:: LISTED ENTRIES ::

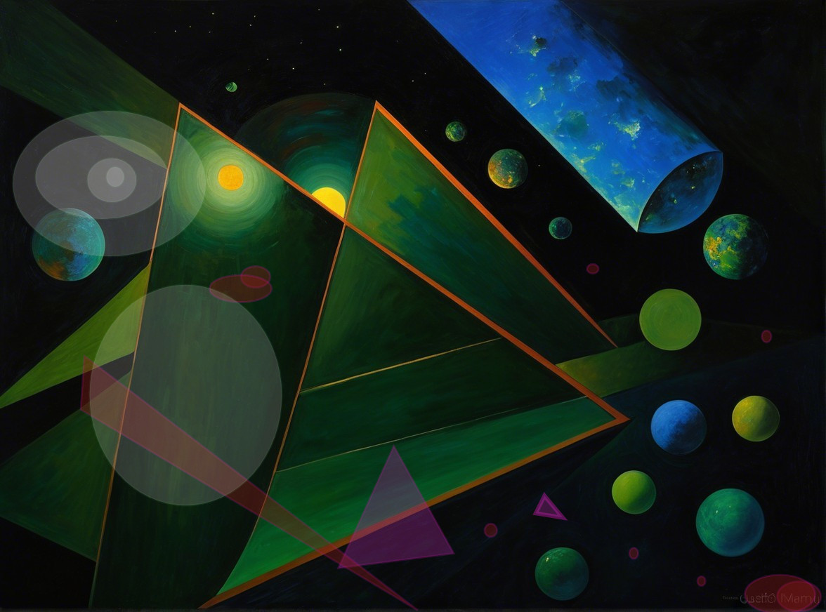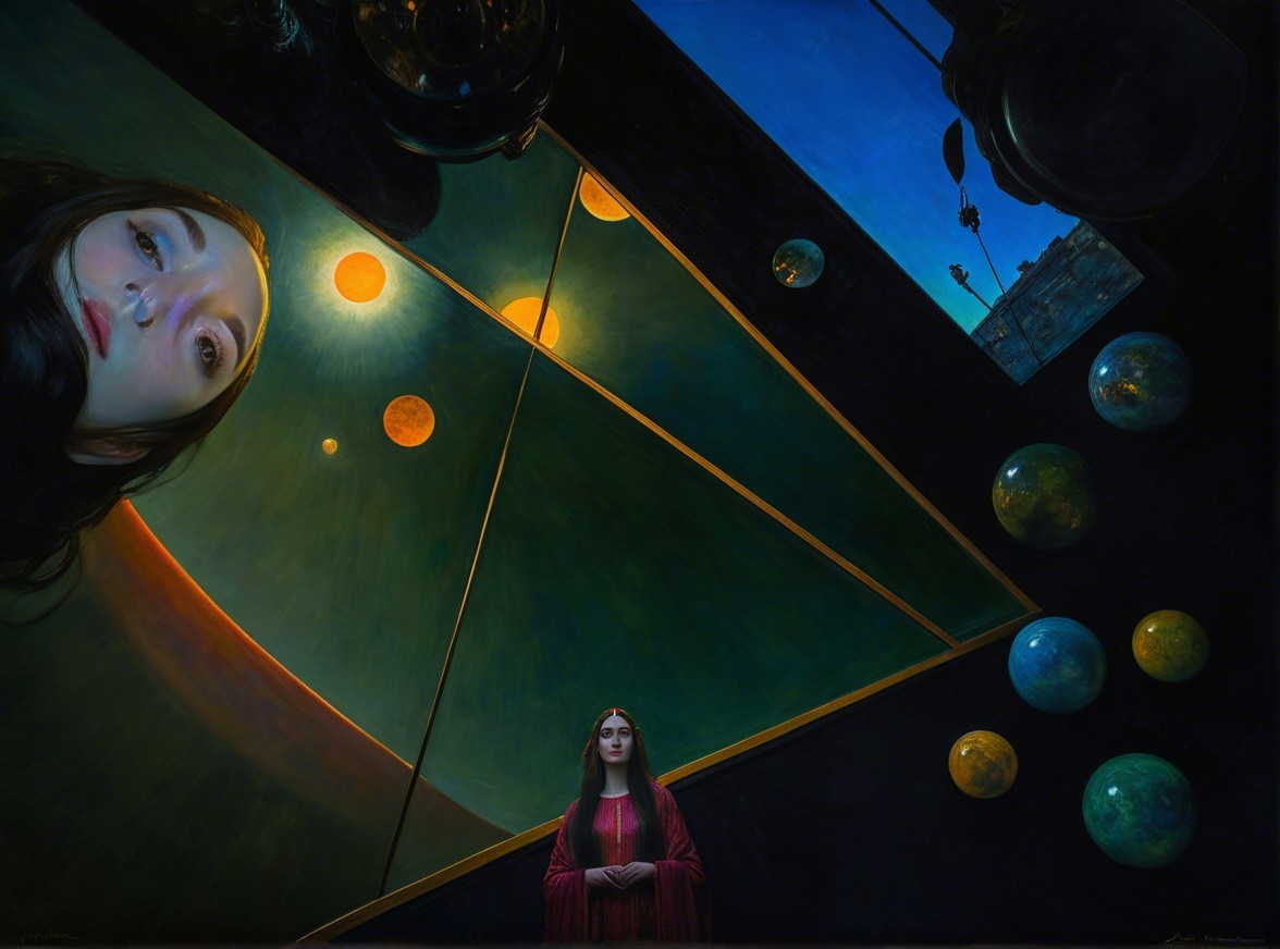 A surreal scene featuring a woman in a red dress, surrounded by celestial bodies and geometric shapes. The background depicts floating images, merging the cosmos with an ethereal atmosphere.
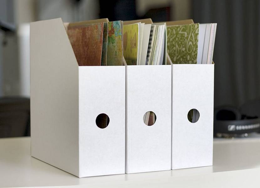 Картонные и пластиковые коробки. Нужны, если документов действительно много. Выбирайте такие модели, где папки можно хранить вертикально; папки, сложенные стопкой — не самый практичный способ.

:::
:: LISTED ENTRIES ::

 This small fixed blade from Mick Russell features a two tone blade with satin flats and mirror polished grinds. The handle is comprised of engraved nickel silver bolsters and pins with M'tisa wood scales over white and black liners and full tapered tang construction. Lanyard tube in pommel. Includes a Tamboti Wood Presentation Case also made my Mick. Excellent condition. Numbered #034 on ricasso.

:::
:: LISTED ENTRIES ::

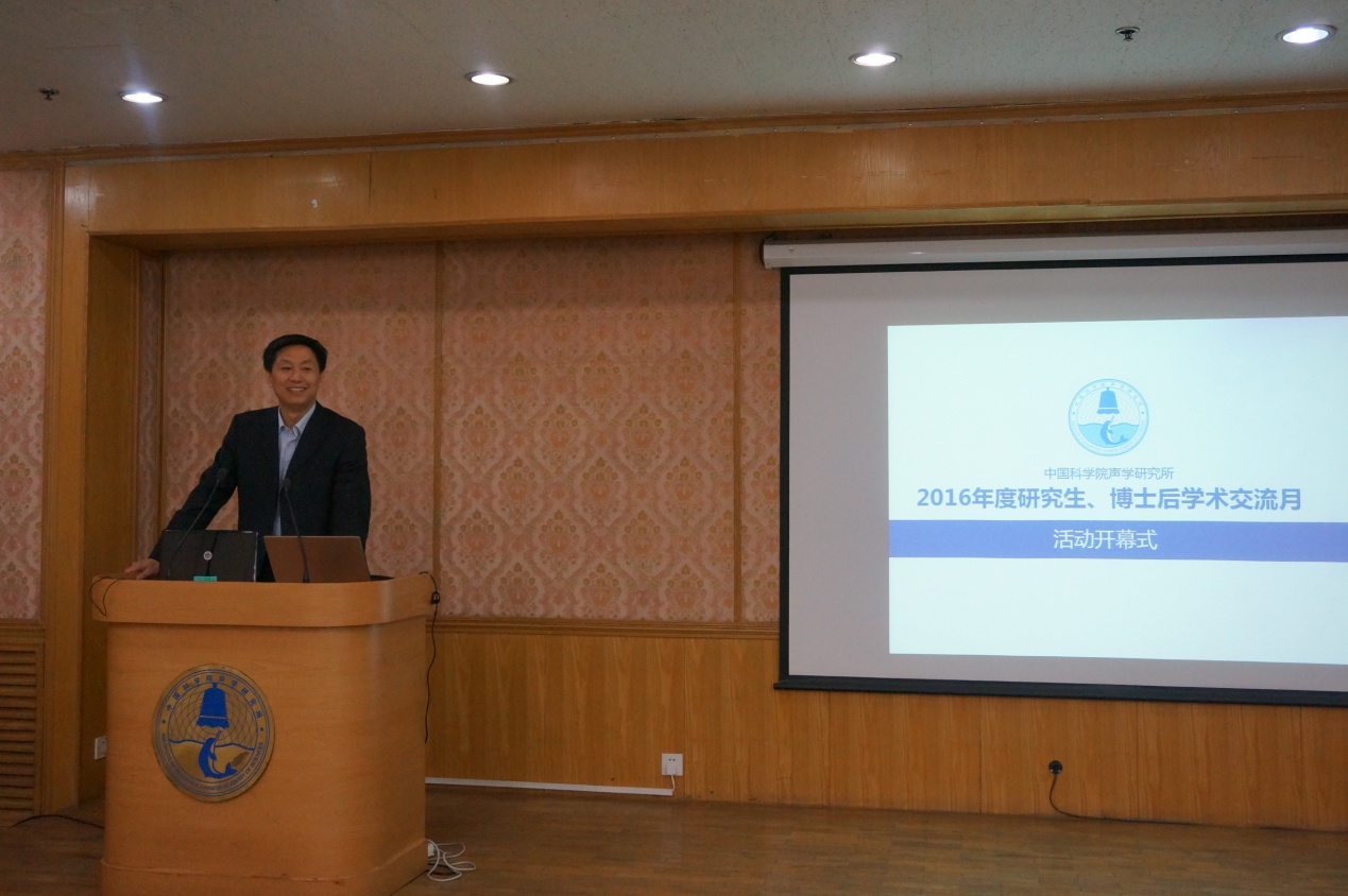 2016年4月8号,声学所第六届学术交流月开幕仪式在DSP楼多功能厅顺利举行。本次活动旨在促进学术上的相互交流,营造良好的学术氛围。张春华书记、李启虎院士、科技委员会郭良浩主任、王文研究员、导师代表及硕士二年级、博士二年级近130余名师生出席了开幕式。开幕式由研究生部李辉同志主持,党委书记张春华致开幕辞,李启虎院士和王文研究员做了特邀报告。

:::

→ **WHAT TO DO**
Print, exactly and with no pictures, the lines of the listing above starting at the one that has "A surreal scene" and ending at the one that has "Картонные и пластиковые", both included.

→ **RESULT BELOW**
 A surreal scene featuring a woman in a red dress, surrounded by celestial bodies and geometric shapes. The background depicts floating images, merging the cosmos with an ethereal atmosphere.
 Картонные и пластиковые коробки. Нужны, если документов действительно много. Выбирайте такие модели, где папки можно хранить вертикально; папки, сложенные стопкой — не самый практичный способ.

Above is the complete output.